* [What you have to do]
Search each line of the data for the word "about"; copy every line where it is found.

* [Items from a data source]
--------------------------------------------------

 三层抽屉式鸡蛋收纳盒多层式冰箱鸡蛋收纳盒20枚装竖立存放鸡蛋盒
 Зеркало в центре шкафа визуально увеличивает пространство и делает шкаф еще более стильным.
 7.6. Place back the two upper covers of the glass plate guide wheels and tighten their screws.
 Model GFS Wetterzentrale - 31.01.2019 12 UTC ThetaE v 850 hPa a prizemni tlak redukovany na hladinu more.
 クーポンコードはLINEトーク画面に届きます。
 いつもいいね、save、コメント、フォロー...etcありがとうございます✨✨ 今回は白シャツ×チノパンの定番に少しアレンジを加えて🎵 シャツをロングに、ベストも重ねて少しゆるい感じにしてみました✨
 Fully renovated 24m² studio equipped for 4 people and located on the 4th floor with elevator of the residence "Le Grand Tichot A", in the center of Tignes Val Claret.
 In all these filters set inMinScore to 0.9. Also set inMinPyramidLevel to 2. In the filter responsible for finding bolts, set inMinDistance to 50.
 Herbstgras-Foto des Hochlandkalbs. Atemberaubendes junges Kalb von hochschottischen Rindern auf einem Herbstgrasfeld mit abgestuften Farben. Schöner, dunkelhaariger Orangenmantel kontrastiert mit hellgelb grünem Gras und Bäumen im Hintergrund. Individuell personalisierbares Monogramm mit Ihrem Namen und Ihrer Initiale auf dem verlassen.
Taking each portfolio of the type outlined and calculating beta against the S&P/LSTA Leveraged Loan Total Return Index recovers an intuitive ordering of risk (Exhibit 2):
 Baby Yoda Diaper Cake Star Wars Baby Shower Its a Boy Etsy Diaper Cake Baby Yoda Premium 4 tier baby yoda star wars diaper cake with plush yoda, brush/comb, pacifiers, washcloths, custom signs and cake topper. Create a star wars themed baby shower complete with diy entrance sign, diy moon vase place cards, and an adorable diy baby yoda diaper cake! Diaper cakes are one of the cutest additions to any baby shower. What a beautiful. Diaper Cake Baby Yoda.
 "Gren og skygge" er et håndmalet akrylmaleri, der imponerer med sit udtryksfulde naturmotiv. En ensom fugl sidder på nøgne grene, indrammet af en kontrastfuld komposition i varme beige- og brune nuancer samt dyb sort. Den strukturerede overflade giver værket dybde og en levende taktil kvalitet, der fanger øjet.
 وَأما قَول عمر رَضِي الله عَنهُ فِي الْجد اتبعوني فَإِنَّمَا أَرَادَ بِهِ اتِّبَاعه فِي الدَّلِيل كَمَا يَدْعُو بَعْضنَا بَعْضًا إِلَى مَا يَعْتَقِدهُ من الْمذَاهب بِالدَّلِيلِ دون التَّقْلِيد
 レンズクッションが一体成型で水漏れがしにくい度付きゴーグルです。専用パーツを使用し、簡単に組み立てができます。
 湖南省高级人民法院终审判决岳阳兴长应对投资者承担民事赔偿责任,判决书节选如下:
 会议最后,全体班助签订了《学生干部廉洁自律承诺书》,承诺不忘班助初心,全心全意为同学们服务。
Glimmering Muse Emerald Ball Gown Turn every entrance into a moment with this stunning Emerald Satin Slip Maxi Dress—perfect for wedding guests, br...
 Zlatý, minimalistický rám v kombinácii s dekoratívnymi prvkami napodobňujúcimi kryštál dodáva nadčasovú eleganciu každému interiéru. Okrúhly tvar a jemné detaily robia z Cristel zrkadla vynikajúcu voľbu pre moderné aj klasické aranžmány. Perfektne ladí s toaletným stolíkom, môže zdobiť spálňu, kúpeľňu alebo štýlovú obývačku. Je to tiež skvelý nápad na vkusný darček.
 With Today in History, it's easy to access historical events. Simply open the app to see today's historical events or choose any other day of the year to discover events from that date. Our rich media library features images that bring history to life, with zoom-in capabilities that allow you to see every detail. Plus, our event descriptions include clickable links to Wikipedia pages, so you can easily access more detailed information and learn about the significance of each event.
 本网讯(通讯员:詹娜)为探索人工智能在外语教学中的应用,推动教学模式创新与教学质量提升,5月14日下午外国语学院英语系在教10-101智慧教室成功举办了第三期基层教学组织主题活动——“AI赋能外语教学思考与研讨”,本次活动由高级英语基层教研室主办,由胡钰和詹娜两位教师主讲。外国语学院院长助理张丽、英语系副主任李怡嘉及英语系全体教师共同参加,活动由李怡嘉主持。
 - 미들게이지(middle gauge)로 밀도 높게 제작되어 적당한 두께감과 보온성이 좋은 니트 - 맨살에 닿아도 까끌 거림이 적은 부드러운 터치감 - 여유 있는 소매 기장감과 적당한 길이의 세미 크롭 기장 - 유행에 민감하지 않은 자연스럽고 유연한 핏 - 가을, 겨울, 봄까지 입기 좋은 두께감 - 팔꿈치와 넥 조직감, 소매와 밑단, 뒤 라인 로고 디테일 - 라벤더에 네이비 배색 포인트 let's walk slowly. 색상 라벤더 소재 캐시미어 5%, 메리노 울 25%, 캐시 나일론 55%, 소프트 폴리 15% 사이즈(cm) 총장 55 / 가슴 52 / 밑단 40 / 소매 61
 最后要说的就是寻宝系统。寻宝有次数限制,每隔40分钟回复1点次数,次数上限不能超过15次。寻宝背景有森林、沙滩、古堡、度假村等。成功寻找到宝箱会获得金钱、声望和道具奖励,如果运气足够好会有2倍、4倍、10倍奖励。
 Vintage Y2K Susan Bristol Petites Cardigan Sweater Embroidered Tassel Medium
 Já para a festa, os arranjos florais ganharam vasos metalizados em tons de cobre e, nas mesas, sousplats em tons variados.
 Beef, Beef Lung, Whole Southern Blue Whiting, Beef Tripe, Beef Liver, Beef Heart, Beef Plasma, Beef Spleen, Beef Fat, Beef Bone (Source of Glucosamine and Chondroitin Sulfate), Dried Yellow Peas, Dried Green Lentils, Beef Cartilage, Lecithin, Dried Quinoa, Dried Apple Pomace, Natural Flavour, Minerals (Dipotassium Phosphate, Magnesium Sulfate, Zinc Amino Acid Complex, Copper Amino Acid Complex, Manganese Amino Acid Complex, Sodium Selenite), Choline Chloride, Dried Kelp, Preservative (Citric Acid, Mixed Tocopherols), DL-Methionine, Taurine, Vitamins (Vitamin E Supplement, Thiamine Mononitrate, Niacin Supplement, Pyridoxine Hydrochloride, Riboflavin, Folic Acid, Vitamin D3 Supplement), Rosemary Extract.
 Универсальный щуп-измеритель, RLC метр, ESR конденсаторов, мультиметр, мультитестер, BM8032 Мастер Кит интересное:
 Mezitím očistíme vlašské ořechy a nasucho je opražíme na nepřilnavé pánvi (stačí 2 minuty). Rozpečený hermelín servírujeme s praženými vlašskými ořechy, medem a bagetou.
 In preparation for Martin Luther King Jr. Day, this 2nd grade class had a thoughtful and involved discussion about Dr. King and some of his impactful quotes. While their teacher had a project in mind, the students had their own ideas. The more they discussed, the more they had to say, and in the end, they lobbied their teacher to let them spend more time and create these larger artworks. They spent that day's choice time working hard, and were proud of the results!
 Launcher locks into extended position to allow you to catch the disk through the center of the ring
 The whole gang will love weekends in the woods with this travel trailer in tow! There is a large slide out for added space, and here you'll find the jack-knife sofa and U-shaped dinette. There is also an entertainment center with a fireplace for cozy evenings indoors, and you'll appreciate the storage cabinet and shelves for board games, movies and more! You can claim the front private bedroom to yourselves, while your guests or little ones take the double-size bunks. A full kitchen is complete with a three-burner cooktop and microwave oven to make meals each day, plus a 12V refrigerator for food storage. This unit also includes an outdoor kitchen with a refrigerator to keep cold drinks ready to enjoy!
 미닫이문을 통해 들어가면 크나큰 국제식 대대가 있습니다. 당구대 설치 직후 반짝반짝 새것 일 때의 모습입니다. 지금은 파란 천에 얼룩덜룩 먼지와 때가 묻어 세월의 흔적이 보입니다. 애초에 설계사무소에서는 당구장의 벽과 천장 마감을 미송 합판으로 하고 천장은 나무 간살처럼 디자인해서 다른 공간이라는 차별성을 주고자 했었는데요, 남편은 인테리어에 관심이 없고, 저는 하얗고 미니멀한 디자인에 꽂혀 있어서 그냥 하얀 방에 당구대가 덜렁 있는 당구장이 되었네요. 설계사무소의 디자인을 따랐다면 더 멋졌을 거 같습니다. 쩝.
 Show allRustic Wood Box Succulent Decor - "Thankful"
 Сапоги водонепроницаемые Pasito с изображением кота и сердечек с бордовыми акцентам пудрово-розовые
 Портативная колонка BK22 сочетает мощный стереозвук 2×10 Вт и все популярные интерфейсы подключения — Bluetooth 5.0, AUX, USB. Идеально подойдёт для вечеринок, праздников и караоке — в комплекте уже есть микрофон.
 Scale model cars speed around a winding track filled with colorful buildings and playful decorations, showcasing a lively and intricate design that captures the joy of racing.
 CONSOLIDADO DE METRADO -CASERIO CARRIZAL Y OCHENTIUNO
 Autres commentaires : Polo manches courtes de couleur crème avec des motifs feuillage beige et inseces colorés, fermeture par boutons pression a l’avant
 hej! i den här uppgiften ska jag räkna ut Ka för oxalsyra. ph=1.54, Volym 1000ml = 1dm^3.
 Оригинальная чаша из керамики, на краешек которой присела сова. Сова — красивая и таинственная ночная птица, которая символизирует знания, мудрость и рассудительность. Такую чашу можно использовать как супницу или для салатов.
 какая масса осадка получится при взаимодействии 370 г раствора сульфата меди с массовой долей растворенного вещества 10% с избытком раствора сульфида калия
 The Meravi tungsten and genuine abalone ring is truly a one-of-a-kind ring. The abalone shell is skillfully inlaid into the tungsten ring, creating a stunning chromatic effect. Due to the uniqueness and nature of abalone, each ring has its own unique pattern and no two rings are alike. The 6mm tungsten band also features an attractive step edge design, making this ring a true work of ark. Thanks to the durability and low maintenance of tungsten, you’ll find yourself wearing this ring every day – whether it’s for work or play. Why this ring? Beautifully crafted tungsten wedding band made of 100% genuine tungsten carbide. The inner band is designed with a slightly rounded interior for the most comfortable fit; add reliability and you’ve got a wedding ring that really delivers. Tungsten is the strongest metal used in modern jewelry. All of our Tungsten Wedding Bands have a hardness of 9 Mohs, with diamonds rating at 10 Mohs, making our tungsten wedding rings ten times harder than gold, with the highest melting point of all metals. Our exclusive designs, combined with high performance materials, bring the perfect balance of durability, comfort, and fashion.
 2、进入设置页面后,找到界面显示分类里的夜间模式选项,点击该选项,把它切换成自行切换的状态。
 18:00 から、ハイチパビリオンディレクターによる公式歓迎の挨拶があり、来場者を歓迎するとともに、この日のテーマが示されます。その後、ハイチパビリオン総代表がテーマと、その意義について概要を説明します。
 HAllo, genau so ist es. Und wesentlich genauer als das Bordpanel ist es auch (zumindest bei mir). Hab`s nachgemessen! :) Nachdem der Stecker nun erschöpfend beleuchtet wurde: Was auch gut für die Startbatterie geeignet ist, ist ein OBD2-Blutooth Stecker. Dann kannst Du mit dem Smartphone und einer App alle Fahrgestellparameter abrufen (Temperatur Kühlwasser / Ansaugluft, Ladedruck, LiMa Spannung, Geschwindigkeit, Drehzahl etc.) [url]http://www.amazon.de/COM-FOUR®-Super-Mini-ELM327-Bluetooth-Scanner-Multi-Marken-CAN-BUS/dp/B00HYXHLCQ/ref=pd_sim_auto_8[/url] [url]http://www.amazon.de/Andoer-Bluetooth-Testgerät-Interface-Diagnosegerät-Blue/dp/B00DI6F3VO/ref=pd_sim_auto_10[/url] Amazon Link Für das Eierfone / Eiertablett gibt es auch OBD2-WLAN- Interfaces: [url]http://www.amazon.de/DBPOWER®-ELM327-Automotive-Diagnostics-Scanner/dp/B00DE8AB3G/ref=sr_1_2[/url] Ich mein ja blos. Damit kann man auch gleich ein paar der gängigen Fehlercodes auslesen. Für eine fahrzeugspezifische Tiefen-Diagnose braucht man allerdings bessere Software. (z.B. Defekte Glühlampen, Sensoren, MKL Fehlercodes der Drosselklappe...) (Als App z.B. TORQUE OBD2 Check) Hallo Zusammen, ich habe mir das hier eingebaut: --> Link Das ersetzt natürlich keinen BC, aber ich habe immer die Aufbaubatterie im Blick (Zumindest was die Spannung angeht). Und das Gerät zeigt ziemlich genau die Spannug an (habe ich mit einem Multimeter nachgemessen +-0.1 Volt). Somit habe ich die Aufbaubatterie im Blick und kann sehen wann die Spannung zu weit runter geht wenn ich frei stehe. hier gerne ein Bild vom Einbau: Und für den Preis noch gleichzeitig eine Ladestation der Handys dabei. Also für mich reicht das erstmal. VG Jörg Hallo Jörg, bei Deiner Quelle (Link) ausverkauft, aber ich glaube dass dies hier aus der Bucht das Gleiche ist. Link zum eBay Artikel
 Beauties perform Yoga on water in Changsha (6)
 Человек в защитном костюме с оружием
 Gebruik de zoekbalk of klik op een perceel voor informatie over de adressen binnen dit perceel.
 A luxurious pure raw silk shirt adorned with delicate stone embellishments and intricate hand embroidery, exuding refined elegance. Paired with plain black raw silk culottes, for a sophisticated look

--------------------------------------------------

* [Answer to this task]
 With Today in History, it's easy to access historical events. Simply open the app to see today's historical events or choose any other day of the year to discover events from that date. Our rich media library features images that bring history to life, with zoom-in capabilities that allow you to see every detail. Plus, our event descriptions include clickable links to Wikipedia pages, so you can easily access more detailed information and learn about the significance of each event.
 In preparation for Martin Luther King Jr. Day, this 2nd grade class had a thoughtful and involved discussion about Dr. King and some of his impactful quotes. While their teacher had a project in mind, the students had their own ideas. The more they discussed, the more they had to say, and in the end, they lobbied their teacher to let them spend more time and create these larger artworks. They spent that day's choice time working hard, and were proud of the results!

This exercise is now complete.